StegOT: Trade-offs in Steganography via Optimal Transport

TL;DR

StegOT addresses the information balance challenge in image steganography by integrating an autoencoder with a Multi-Channel Optimal Transport module to transform a multi‑peak latent distribution into a single-peak form. This redistribution enables simultaneous preservation of cover information and recovery of the secret, improving both stego and recovered image quality. Empirical results on DIV2K, COCO, and ImageNet show superior PSNR and lower perceptual distance (LPIPS) compared with prior methods, along with robustness under distortions. The approach provides a theoretically motivated and practically effective framework for more reliable steganography with higher fidelity and resilience.

Abstract

Image hiding is often referred to as steganography, which aims to hide a secret image in a cover image of the same resolution.

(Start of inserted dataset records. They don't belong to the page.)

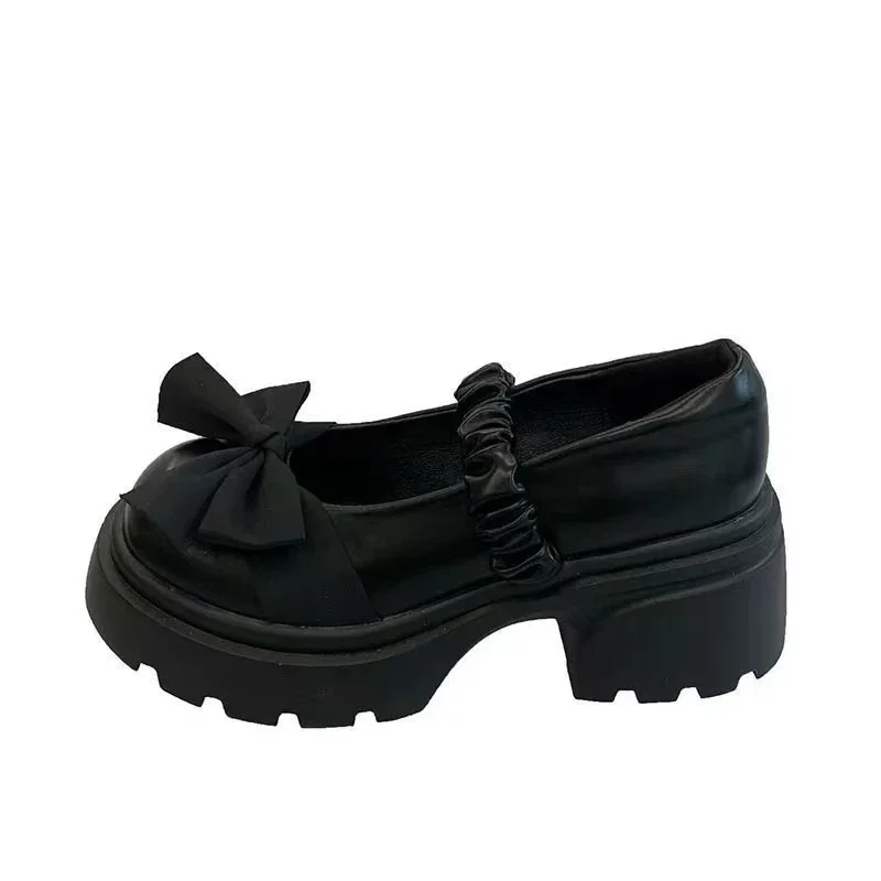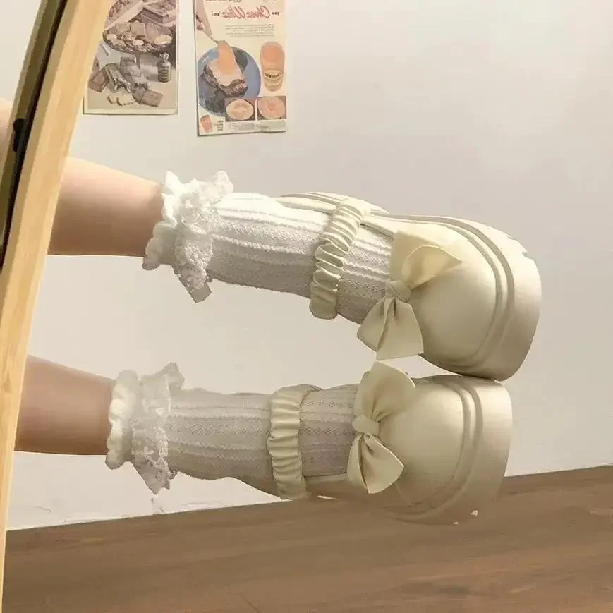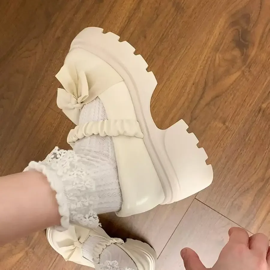 LIZAKOSHT - Chunky Platform High Heels Pumps Women Summer Leather Bow Mary Jane Shoes Woman Thick Heeled Off White Black Lolita Shoes
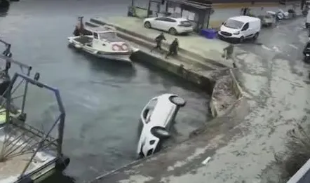 Sarıyer'de sürücüsünün direksiyon hakimiyetini kaybettiği otomobil, balıkçı barınağındaki mendirekten denize düştü. Kazayı gören hareket halindeki balıkçı teknesindeki kişi denize atlayıp yüzerek yardım için aracın yanına geldi. Yara almadan kazayı atlatan sürücü çevredekilerin yardımıyla araçtan çıkarıldı. Kaza anı güvenlik kamerasına yansıdı.
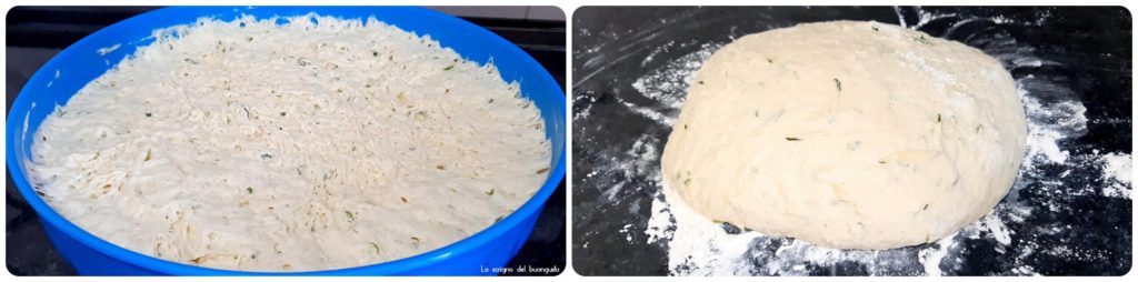 Sobald der Teig aufgegangen ist, ihn auf eine bemehlte Fläche gießen, eine Kugel formen und in 8 Teile teilen, um etwa 180 g. große Teigstücke zu erhalten.

Many steganography models are based on genera-tive adversarial networks (GANs) and variational autoencoders (VAEs). However, most existing models suffer from mode collapse. Mode collapse will lead to an information imbalance between the cover and secret images in the stego image and further affect the subsequent extraction. To address these challenges, this paper proposes StegOT, an autoencoder-based steganography model incorporating optimal transport theory. We designed the multiple channel optimal transport (MCOT) module to transform the feature distribution, which exhibits multiple peaks, into a single peak to achieve the trade-off of information. Experiments demonstrate that we not only achieve a trade-off between the cover and secret images but also enhance the quality of both the stego and recovery images. The source code will be released on https://github.com/Rss1124/StegOT.

Figures (6)

• Figure 1: In GAN-based or VAE-based steganographic models, the decoder is more inclined to sample the information of Cover image, which leads to the imbalance between Cover information and Secret information in Stego images.
• Figure 2: The framework of StegOT. In the hiding network, MCOT transforms a multi-peak feature distribution into a single-peak distribution. In this way, MCOT achieves a balance between cover information and secret information in the stego image. To protect the watermark image from leaking out, we use the optimal transmission map T generated by MCOT as the key to start the Reval Network.
• Figure 3: Visualization comparison of different Steganography methods on COCO. The higher the value of PSNR and SSIM, the better the model performance.
• Figure 4: The models utilizing MCOT (solid lines in the figure) exhibit higher PSNR values across all datasets compared to models without MCOT (dashed lines). Similarly, the SSIM values for models using MCOT are higher across all datasets than those for models not using MCOT.
• Figure 5: The gray histogram comparison between cover/secret image and stego/recovery image.